DATA SUPPLIED:
==================================================

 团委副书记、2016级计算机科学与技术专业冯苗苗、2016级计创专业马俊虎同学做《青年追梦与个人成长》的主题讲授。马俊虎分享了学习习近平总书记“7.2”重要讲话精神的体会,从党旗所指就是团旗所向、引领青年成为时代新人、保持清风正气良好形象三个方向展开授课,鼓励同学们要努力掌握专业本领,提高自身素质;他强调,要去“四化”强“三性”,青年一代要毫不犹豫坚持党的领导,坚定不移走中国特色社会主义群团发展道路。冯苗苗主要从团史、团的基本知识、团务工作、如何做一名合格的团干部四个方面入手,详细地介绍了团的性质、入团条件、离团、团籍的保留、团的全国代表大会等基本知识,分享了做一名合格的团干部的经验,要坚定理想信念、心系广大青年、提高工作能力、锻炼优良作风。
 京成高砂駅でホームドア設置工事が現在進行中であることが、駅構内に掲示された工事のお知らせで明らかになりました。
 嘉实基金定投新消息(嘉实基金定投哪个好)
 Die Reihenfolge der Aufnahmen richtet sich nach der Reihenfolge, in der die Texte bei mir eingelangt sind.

==================================================

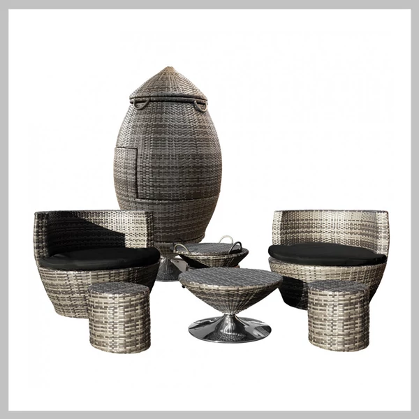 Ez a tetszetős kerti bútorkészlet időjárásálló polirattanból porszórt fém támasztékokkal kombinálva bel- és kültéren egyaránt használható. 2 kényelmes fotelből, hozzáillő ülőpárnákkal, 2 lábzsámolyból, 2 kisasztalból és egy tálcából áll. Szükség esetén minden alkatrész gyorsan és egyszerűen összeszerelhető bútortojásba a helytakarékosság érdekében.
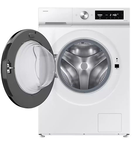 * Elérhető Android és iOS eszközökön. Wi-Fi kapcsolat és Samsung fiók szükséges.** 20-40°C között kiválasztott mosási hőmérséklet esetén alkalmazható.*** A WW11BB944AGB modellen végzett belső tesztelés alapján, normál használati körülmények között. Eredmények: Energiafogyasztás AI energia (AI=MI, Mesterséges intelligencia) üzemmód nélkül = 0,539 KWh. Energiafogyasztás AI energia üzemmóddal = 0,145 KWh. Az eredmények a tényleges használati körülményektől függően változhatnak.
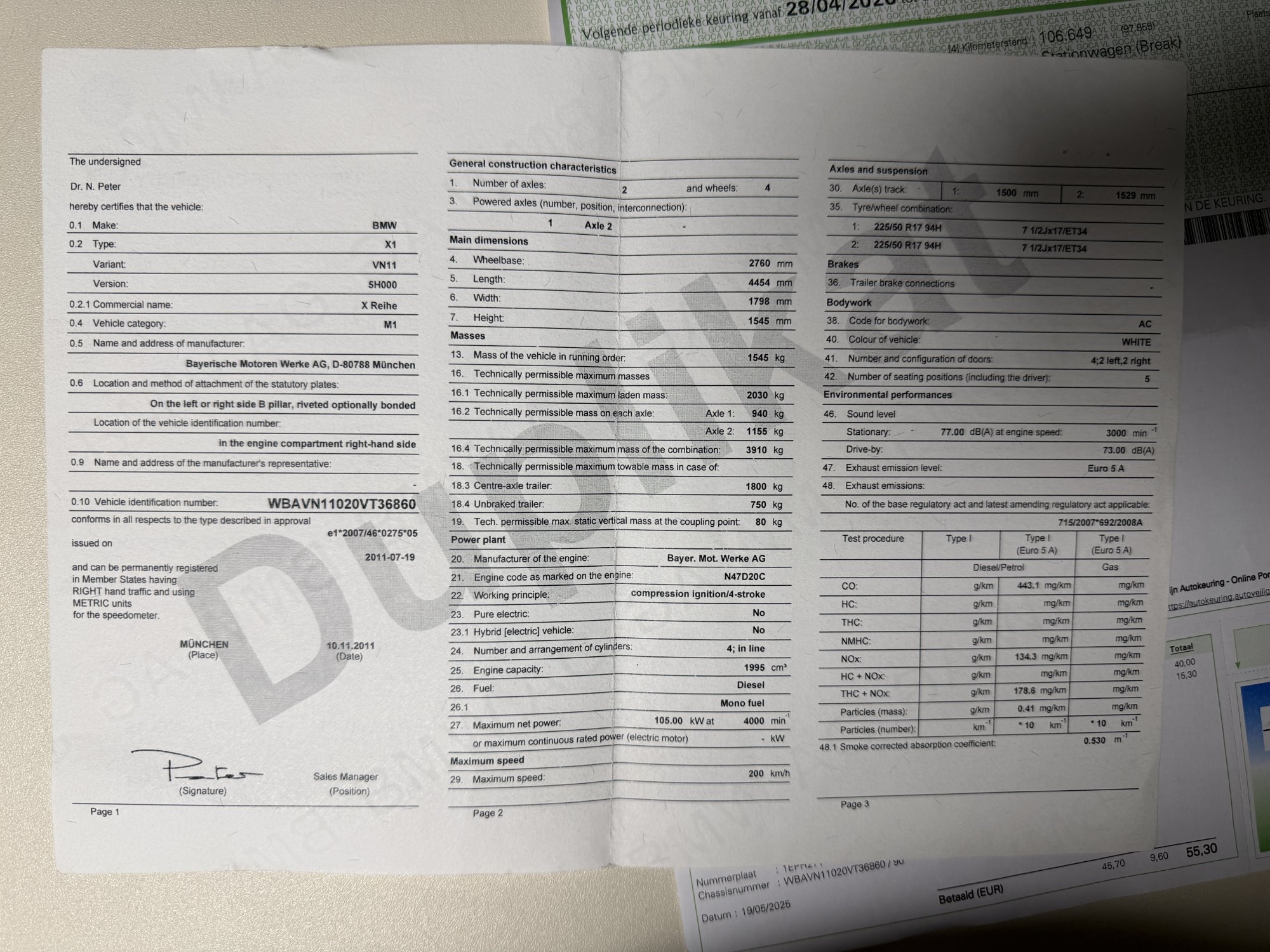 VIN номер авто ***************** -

==================================================

WORK ITEM: Within the material above, extract exactly the lines that start at the line containing "嘉实基金定投新消息(嘉实基金定投哪个好)" and stop after the line containing "Die Reihenfolge der", and only those.

EXPECTED OUTPUT:
 嘉实基金定投新消息(嘉实基金定投哪个好)
 Die Reihenfolge der Aufnahmen richtet sich nach der Reihenfolge, in der die Texte bei mir eingelangt sind.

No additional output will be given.